■ TASK DIRECTIONS
Output, exactly and with no pictures, the line that contains "El viernes 24" and every line that comes after it in the data below, the last one included.

[Dataset excerpts]
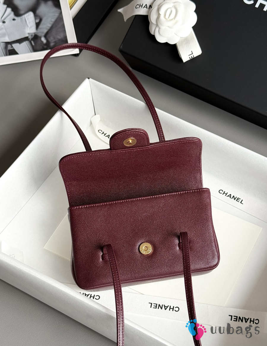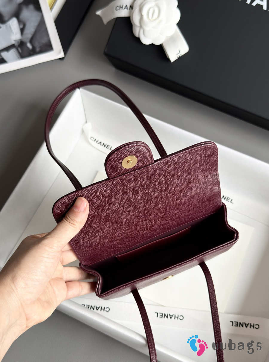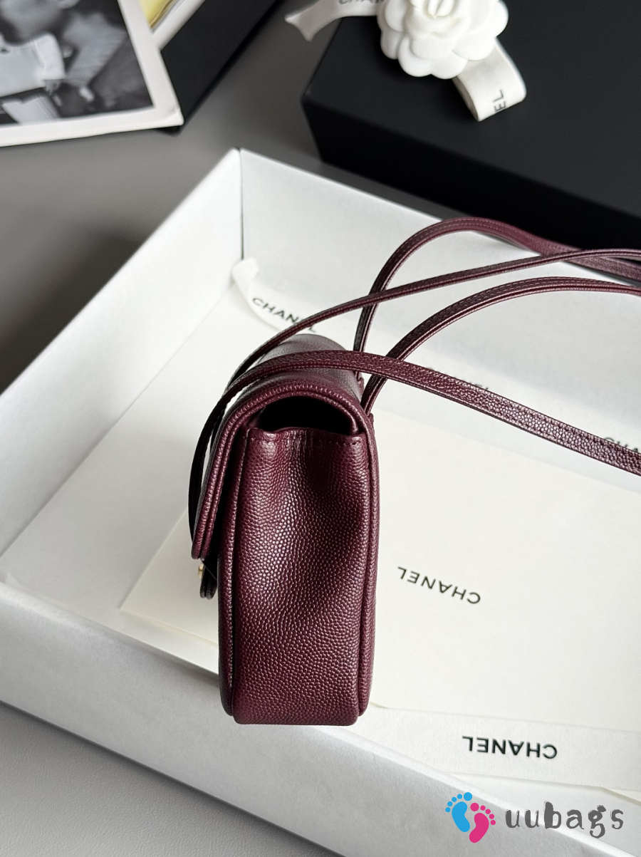 Uubags Chanel mini clutch with leather strap in burgundy 11.5x17x5cm
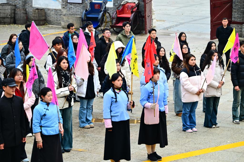 师生们集中观看了《跟着抗联打鬼子》《抗联志》《这是长春1948》三部红色主题演出。沉浸式的场景与动人的演绎,生动再现了东北抗日联军在极端艰苦的条件下,坚守阵地、奋勇抗敌的壮阔历程。杨靖宇、赵尚志等抗联英雄“冰天雪地食草棉,誓死不降报国魂”的壮烈事迹,展现了他们为民族独立、人民解放,不畏强暴、英勇斗争的钢铁意志,以及各民族同胞团结一致、共御外侮的深厚情谊。
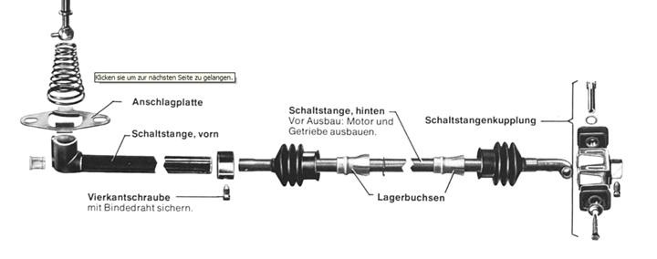 Hinten Schaltstangenkupplung ausbauen, vorne Schalthebel und Vorderteil der Schaltstange ausbauen.
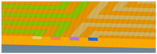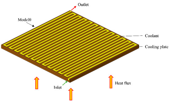 Figure 2 shows the cooling plate model to be calculated. Heat is transported from both sides of the cooling plate during its actual working process. The cooling plate is divided from the central plane according to the cooling plate’s symmetry for ease of calculation, and the half model of the overall cooling plate is analyzed to simplify the calculation. The heat flux acts on the bottom, and the value is a fixed value of 5000 W/m2, which is a common value encountered during typical PEMFC operation. The heat produced by PEMFCs is comparable to the output cell power (with PEMFCs with a rated power of 1 kW, around 1–1.5 kW of heat is produced) [36].
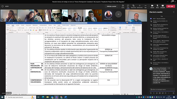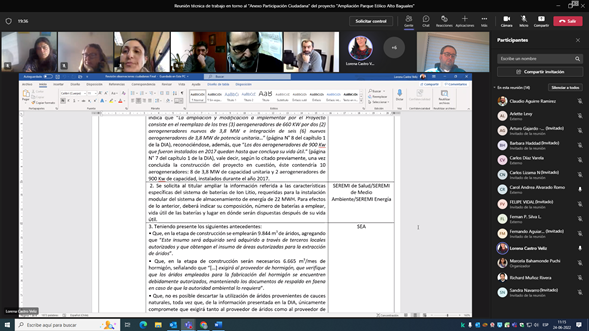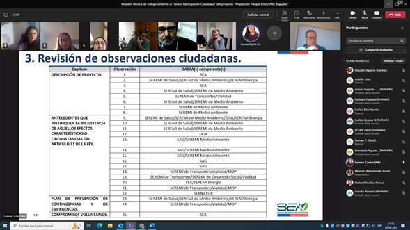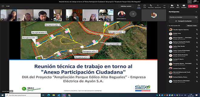 El viernes 24 de junio, la Dirección Regional del SEA Aysén llevó a cabo una reunión de trabajo con los funcionarios de los Órganos de la Administración del Estado con Competencia Ambiental (Oaeca), sobre las observaciones realizadas por la comunidad en el proceso de participación ciudadana en la Declaración de Impacto Ambiental del proyecto Ampliación Parque Eólico Alto Baguales.
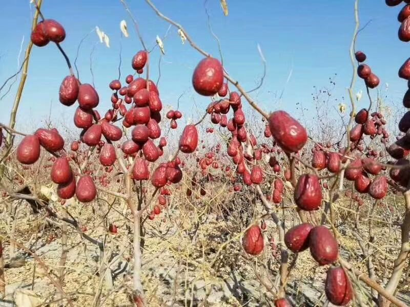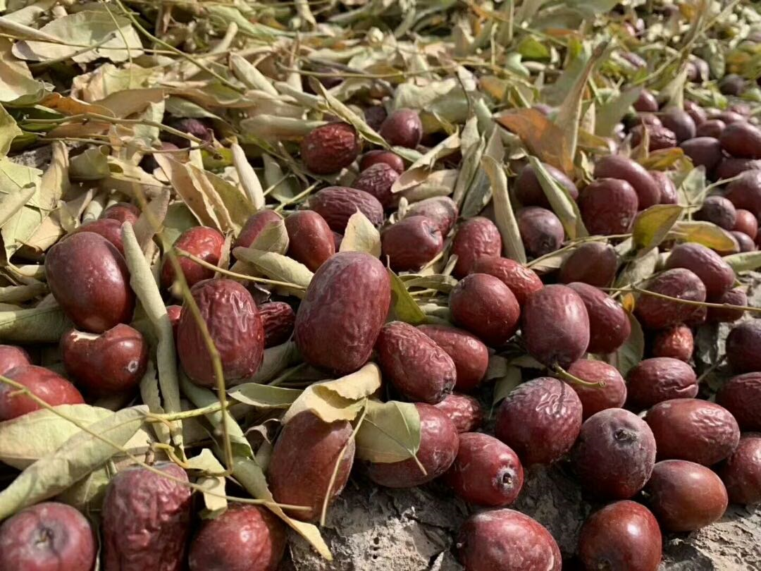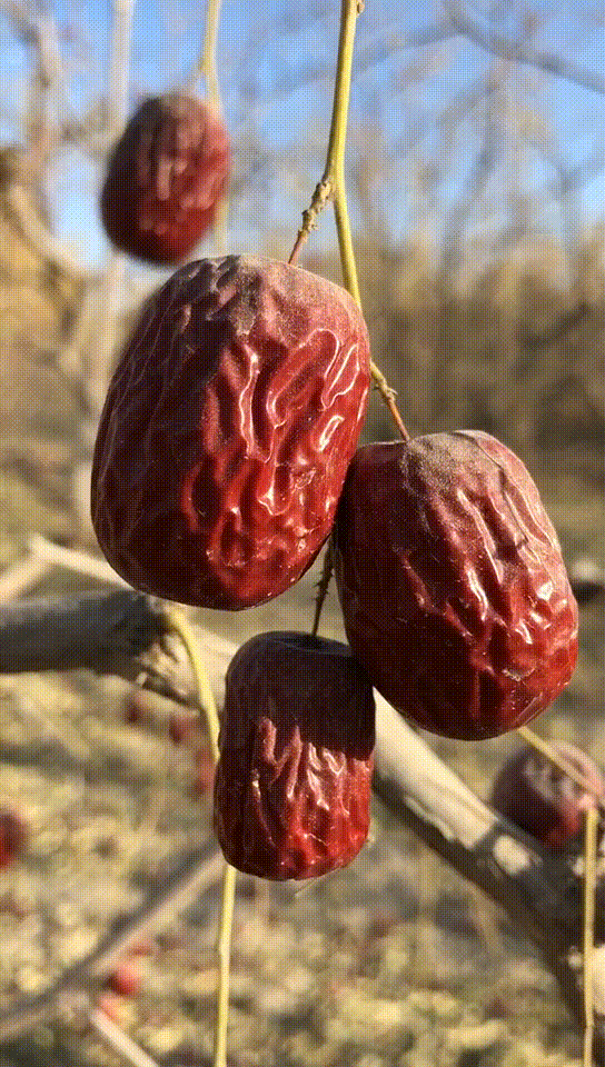 收获时,只要轻轻摇晃果树,枣子就像落叶一般簌簌落地。刚刚采收的灰枣,表皮还带着戈壁滩的风沙。直接用手擦一擦上面的浮灰,深红色的枣果,咬一口,厚实的枣肉,慢慢咀嚼,枣肉细腻醇厚,夹杂着枣子的香气,满满的幸福感!

■ EXERCISE RESPONSE
 El viernes 24 de junio, la Dirección Regional del SEA Aysén llevó a cabo una reunión de trabajo con los funcionarios de los Órganos de la Administración del Estado con Competencia Ambiental (Oaeca), sobre las observaciones realizadas por la comunidad en el proceso de participación ciudadana en la Declaración de Impacto Ambiental del proyecto Ampliación Parque Eólico Alto Baguales.
 收获时,只要轻轻摇晃果树,枣子就像落叶一般簌簌落地。刚刚采收的灰枣,表皮还带着戈壁滩的风沙。直接用手擦一擦上面的浮灰,深红色的枣果,咬一口,厚实的枣肉,慢慢咀嚼,枣肉细腻醇厚,夹杂着枣子的香气,满满的幸福感!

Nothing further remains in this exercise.